## Goal of the exercise
The listing below has to be output exactly as given, less its pictures.
━━ Entries supplied ━━
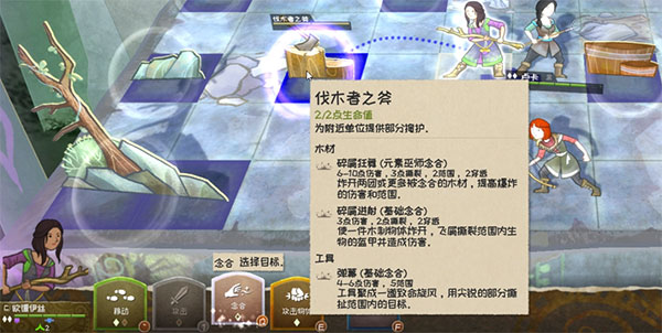 《漫野奇谭》的战斗和其他战棋游戏相比,最大的特色莫过于对场景中环境要素的利用。除了大部分环境要素都可以当掩体外,巫师职业还可以通过“念合”技能最大限度利用掩体。当对附近的木头制品使用念合,将能够引爆木头,对周遭的所有敌人进行碎片攻击,造成大量伤害并摧毁护甲;当对环境中冒火的地方使用念合,将可以操控火焰的轨迹,形成火焰环境。念合技能是巫师的核心要素,也是游戏战斗中反败为胜的关键。
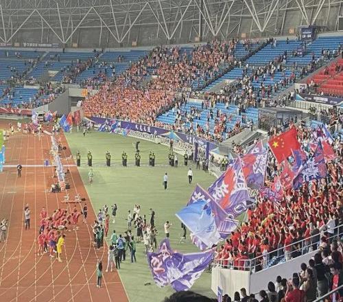 比赛结束后,仍有盐城球迷意犹未尽,久久不愿离去,站在看台上挥舞小旗帜,为球队加油。
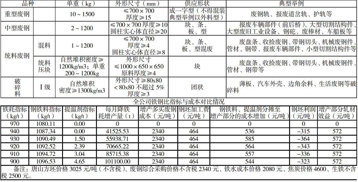 内部回收废钢主要以非生产检修拆除废钢以及生产线产生的废钢为主,大多数内部回收废钢需要再次加工,达到合格尺寸才可以装槽输出。外部采购废钢以外部生活废钢及工业回收废钢为主,均为合格废钢,可以直接装槽输出。内外部回收废钢主要有以下料型及标准:
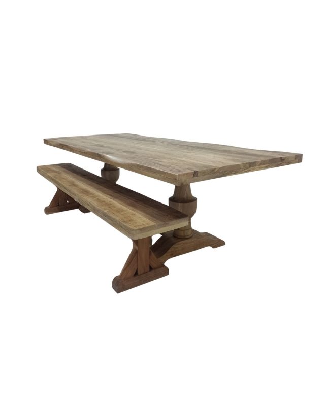Solid Mango Wood Pedestal Dining Table Set with Matching Benches
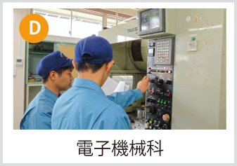 本校には機械科、電子機械科、電気科、工業化学科、テキスタイル工学科の5つの科があります。
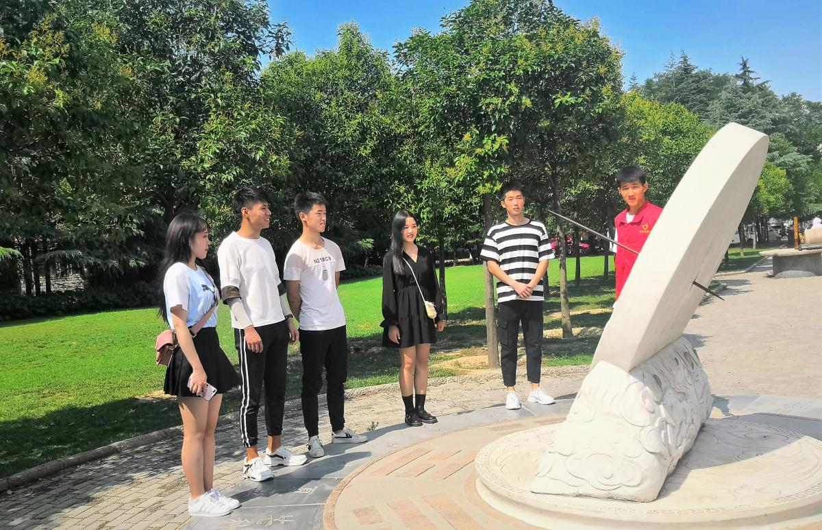 上午十点,由队长韩子零带领实践队成员们参观农耕博物馆,探寻磨盘、日晷等一些旧址。队长韩子零作为导游带队员参观并详细介绍了日晷的产生、用处以及历史。队长给我们讲农耕历史文化,使同学们对旧社会生活抱有憧憬以及感慨新生活的繁荣。旧时农耕社会是引人向往的,而今朝繁荣风貌是农耕社会想不到的,一切自动化代替手工产业真的实现了,不禁让人感慨现代发展之迅速。
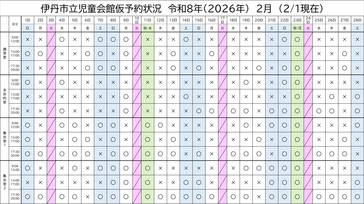 ※ 2026年2月1日現在の予約状況です。 ホームページの更新は、リアルタイムではございません。 予めご了承ください。 次回の更新は、2月15日を予定しております。・・・
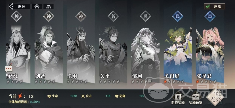 游戏中的这些武将按照阵营可以被清晰地划分为魏国、蜀国、吴国、群雄等几个大类,为了更细致地展现武将们各自独特的特点,游戏还进一步将他们划分为巾帼和谋士等类别,而如果按照职业来进行筛选的话,又可以分为攻击类、防御类、辅助类,不同类型的武将在激烈的战斗中发挥着各自独特且关键的作用,从资质方面划分则可以分为良将、名将、神将以及无双等不同等级。
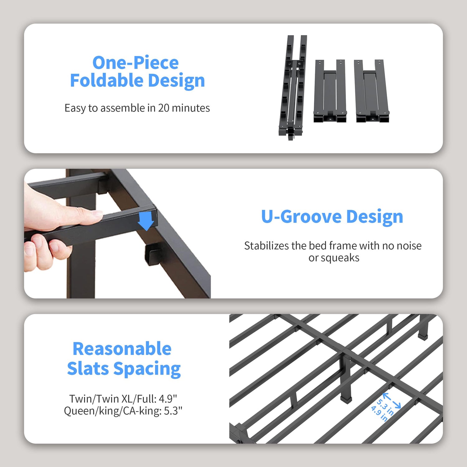 ROIL 14 Inch Twin Size Bed Frame with Mattress Slide Stopper - Single Black Basic Anti Squeak Steel Slats Metal Platform, Heavy Duty Noise Free Easy Assembly Bedframes, No Box Spring Needed
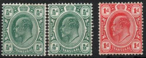 Transvaal 1905-1909 KEVII ½d (x2) lightly mounted and mint no gum and 1d lightly mounted mint.
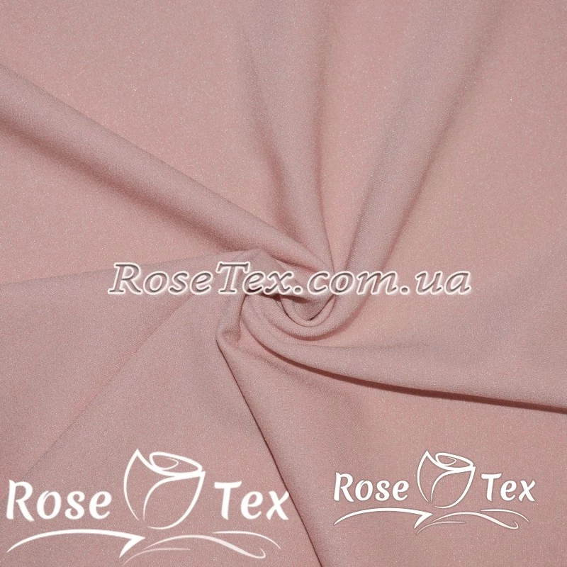Креп дайвінг люрекс ніжно-рожевий - трикотажне синтетичне полотно, відмінною рисою якого є шорстка поверхня і приємний блиск. До складу тканини входять поліестер 95% і еластан 5%.
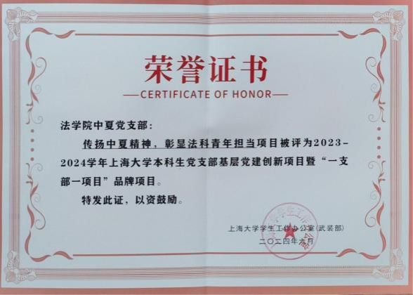 中夏党支部获评9728太阳集团2023-2024学年标杆党支部荣誉称号和2023-2024学年本科生党支部基层党建创新项目暨本科生党支部“一支部一项目”品牌项目。
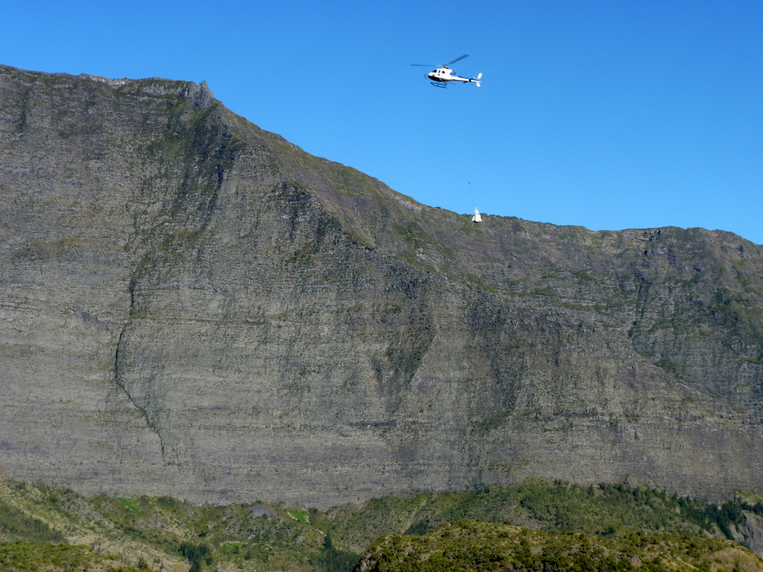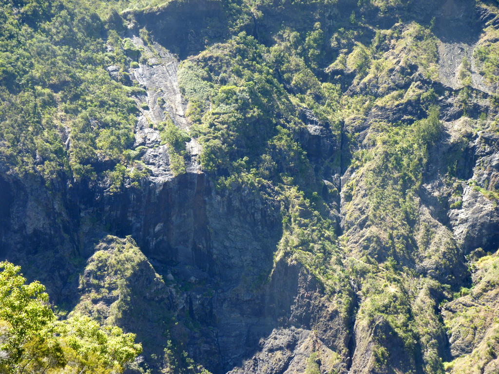 Lastenhubschrauber über dem Cirque de Mafate | Der steile, als gefährlich bezeichnete Weg auf der Gegenseite. Er zieht sich von unten Mitte über die Felsrampe nach oben links |
━━━
## Output of the exercise
 《漫野奇谭》的战斗和其他战棋游戏相比,最大的特色莫过于对场景中环境要素的利用。除了大部分环境要素都可以当掩体外,巫师职业还可以通过“念合”技能最大限度利用掩体。当对附近的木头制品使用念合,将能够引爆木头,对周遭的所有敌人进行碎片攻击,造成大量伤害并摧毁护甲;当对环境中冒火的地方使用念合,将可以操控火焰的轨迹,形成火焰环境。念合技能是巫师的核心要素,也是游戏战斗中反败为胜的关键。
 比赛结束后,仍有盐城球迷意犹未尽,久久不愿离去,站在看台上挥舞小旗帜,为球队加油。
 内部回收废钢主要以非生产检修拆除废钢以及生产线产生的废钢为主,大多数内部回收废钢需要再次加工,达到合格尺寸才可以装槽输出。外部采购废钢以外部生活废钢及工业回收废钢为主,均为合格废钢,可以直接装槽输出。内外部回收废钢主要有以下料型及标准:
Solid Mango Wood Pedestal Dining Table Set with Matching Benches
 本校には機械科、電子機械科、電気科、工業化学科、テキスタイル工学科の5つの科があります。
 上午十点,由队长韩子零带领实践队成员们参观农耕博物馆,探寻磨盘、日晷等一些旧址。队长韩子零作为导游带队员参观并详细介绍了日晷的产生、用处以及历史。队长给我们讲农耕历史文化,使同学们对旧社会生活抱有憧憬以及感慨新生活的繁荣。旧时农耕社会是引人向往的,而今朝繁荣风貌是农耕社会想不到的,一切自动化代替手工产业真的实现了,不禁让人感慨现代发展之迅速。
 ※ 2026年2月1日現在の予約状況です。 ホームページの更新は、リアルタイムではございません。 予めご了承ください。 次回の更新は、2月15日を予定しております。・・・
 游戏中的这些武将按照阵营可以被清晰地划分为魏国、蜀国、吴国、群雄等几个大类,为了更细致地展现武将们各自独特的特点,游戏还进一步将他们划分为巾帼和谋士等类别,而如果按照职业来进行筛选的话,又可以分为攻击类、防御类、辅助类,不同类型的武将在激烈的战斗中发挥着各自独特且关键的作用,从资质方面划分则可以分为良将、名将、神将以及无双等不同等级。
 ROIL 14 Inch Twin Size Bed Frame with Mattress Slide Stopper - Single Black Basic Anti Squeak Steel Slats Metal Platform, Heavy Duty Noise Free Easy Assembly Bedframes, No Box Spring Needed
 Transvaal 1905-1909 KEVII ½d (x2) lightly mounted and mint no gum and 1d lightly mounted mint.
Креп дайвінг люрекс ніжно-рожевий - трикотажне синтетичне полотно, відмінною рисою якого є шорстка поверхня і приємний блиск. До складу тканини входять поліестер 95% і еластан 5%.
 中夏党支部获评9728太阳集团2023-2024学年标杆党支部荣誉称号和2023-2024学年本科生党支部基层党建创新项目暨本科生党支部“一支部一项目”品牌项目。
 Lastenhubschrauber über dem Cirque de Mafate | Der steile, als gefährlich bezeichnete Weg auf der Gegenseite. Er zieht sich von unten Mitte über die Felsrampe nach oben links |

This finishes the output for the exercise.